======== Available data ========

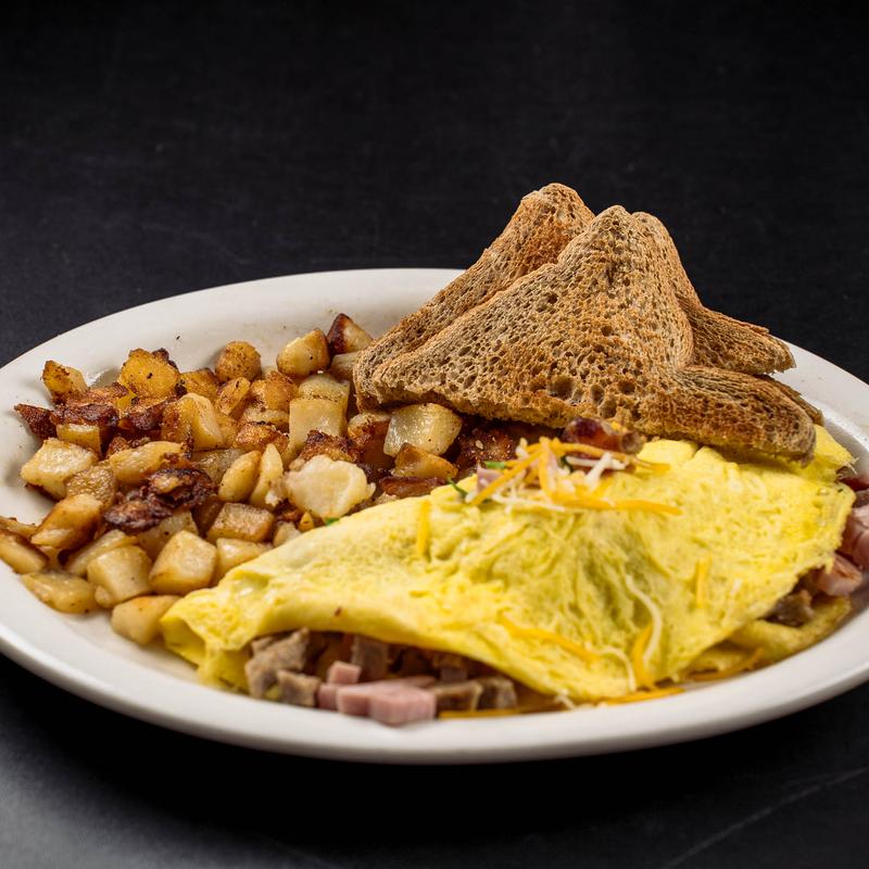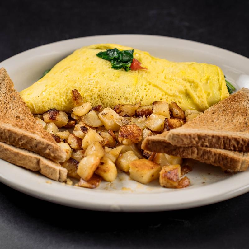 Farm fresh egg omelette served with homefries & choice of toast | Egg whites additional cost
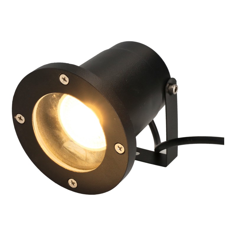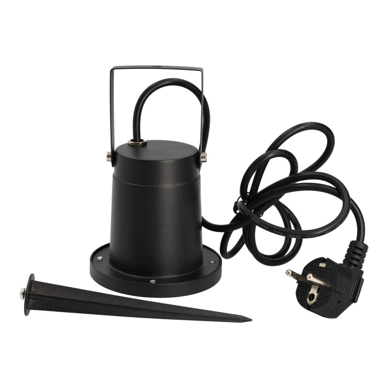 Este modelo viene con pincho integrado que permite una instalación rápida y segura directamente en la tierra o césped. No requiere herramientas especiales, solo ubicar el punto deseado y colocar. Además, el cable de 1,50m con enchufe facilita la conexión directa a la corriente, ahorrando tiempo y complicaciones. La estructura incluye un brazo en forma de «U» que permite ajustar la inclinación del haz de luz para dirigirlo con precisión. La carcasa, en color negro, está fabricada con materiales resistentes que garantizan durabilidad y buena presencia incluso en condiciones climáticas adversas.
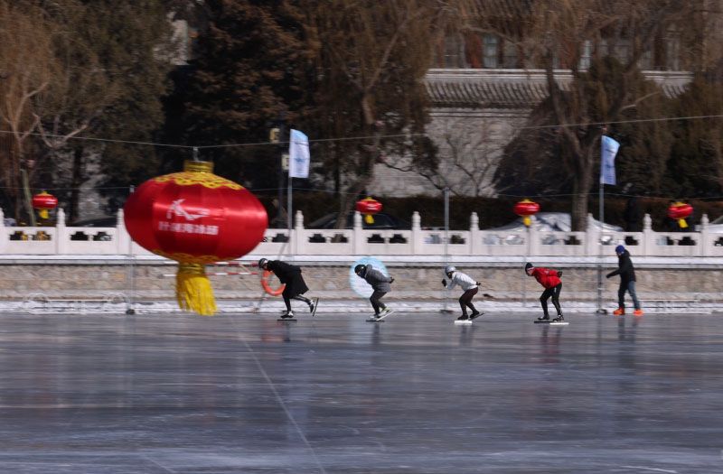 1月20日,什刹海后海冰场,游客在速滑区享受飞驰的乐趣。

========
======== Available data ========

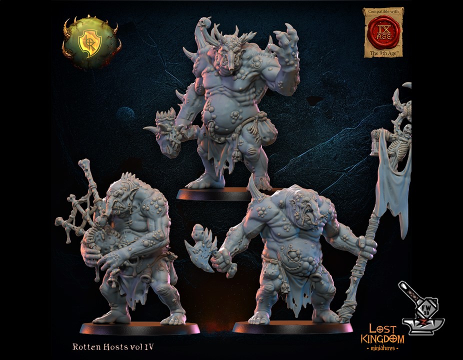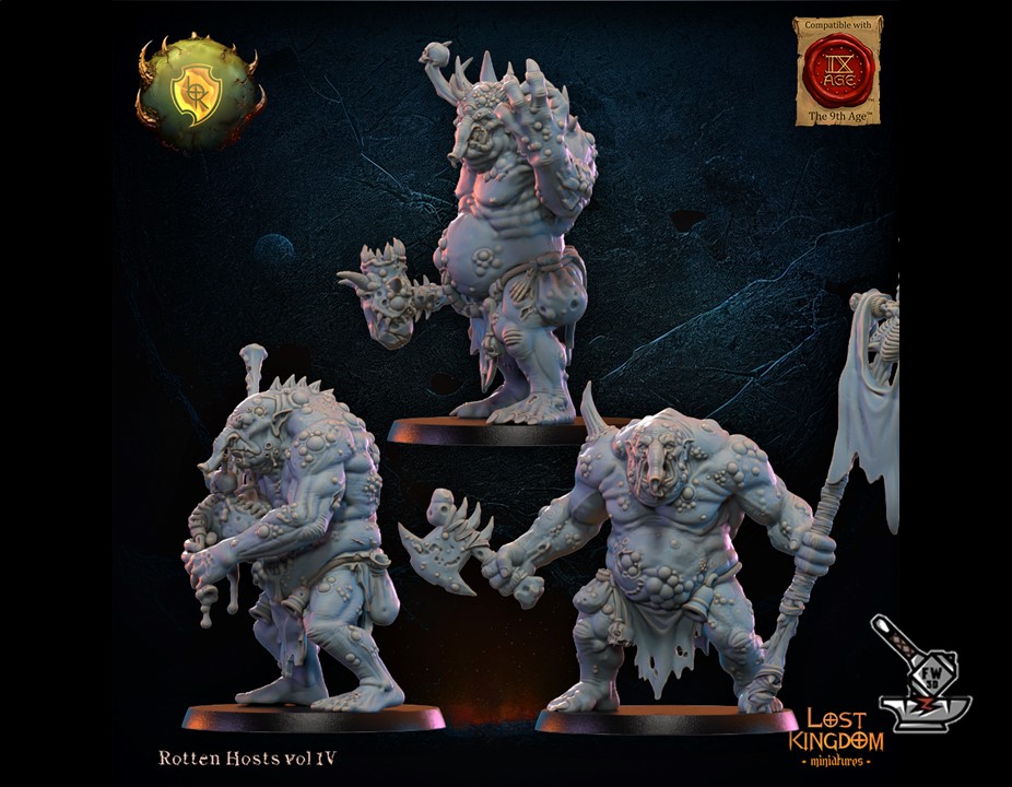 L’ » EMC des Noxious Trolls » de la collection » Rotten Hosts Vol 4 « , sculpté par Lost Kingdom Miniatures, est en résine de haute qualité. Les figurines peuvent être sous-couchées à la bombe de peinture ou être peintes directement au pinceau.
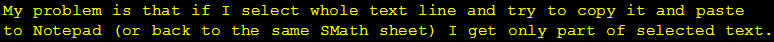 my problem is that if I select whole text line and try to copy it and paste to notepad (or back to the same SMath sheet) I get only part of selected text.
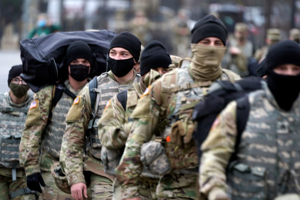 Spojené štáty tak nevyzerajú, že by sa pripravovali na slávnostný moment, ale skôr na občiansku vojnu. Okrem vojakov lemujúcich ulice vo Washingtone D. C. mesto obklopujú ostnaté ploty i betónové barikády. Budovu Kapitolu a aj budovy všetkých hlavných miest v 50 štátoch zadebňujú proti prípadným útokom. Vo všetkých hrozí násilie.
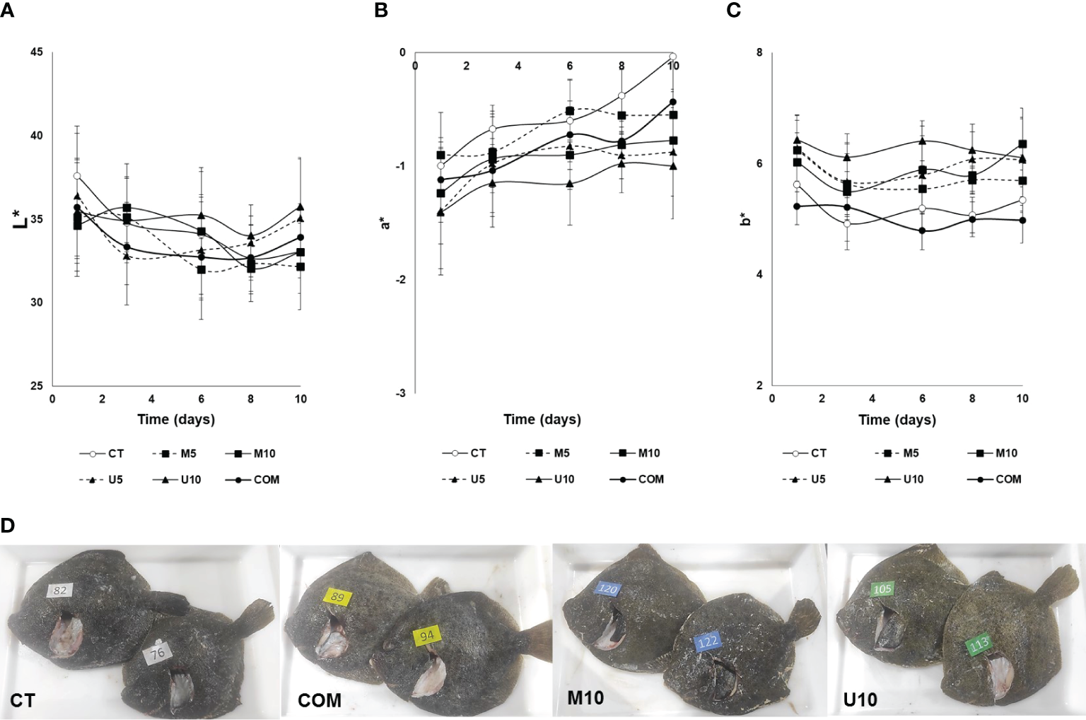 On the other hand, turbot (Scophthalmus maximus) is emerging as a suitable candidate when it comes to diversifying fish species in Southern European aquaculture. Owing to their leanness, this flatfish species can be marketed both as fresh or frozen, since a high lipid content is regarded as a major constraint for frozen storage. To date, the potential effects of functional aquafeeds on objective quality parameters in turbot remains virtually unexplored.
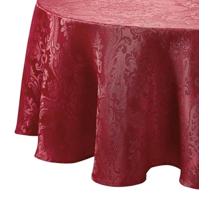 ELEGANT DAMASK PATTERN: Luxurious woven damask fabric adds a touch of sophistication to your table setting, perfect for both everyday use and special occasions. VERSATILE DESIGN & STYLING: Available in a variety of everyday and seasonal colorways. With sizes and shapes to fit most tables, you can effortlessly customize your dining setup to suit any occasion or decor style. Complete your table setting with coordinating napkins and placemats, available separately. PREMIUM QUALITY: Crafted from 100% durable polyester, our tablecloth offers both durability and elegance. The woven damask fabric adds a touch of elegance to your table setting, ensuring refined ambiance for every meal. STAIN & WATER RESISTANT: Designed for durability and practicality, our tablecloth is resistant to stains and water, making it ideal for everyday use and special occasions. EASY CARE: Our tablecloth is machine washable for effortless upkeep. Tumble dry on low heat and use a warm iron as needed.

========

Work required: Look above for the line with "Farm fresh egg" and the line with "1月20日,什刹海后海冰场,游客在速滑区享受飞驰的乐趣。", then copy them and all lines in between exactly as written, and only those, without any pictures.

Response area:
 Farm fresh egg omelette served with homefries & choice of toast | Egg whites additional cost
 Este modelo viene con pincho integrado que permite una instalación rápida y segura directamente en la tierra o césped. No requiere herramientas especiales, solo ubicar el punto deseado y colocar. Además, el cable de 1,50m con enchufe facilita la conexión directa a la corriente, ahorrando tiempo y complicaciones. La estructura incluye un brazo en forma de «U» que permite ajustar la inclinación del haz de luz para dirigirlo con precisión. La carcasa, en color negro, está fabricada con materiales resistentes que garantizan durabilidad y buena presencia incluso en condiciones climáticas adversas.
 1月20日,什刹海后海冰场,游客在速滑区享受飞驰的乐趣。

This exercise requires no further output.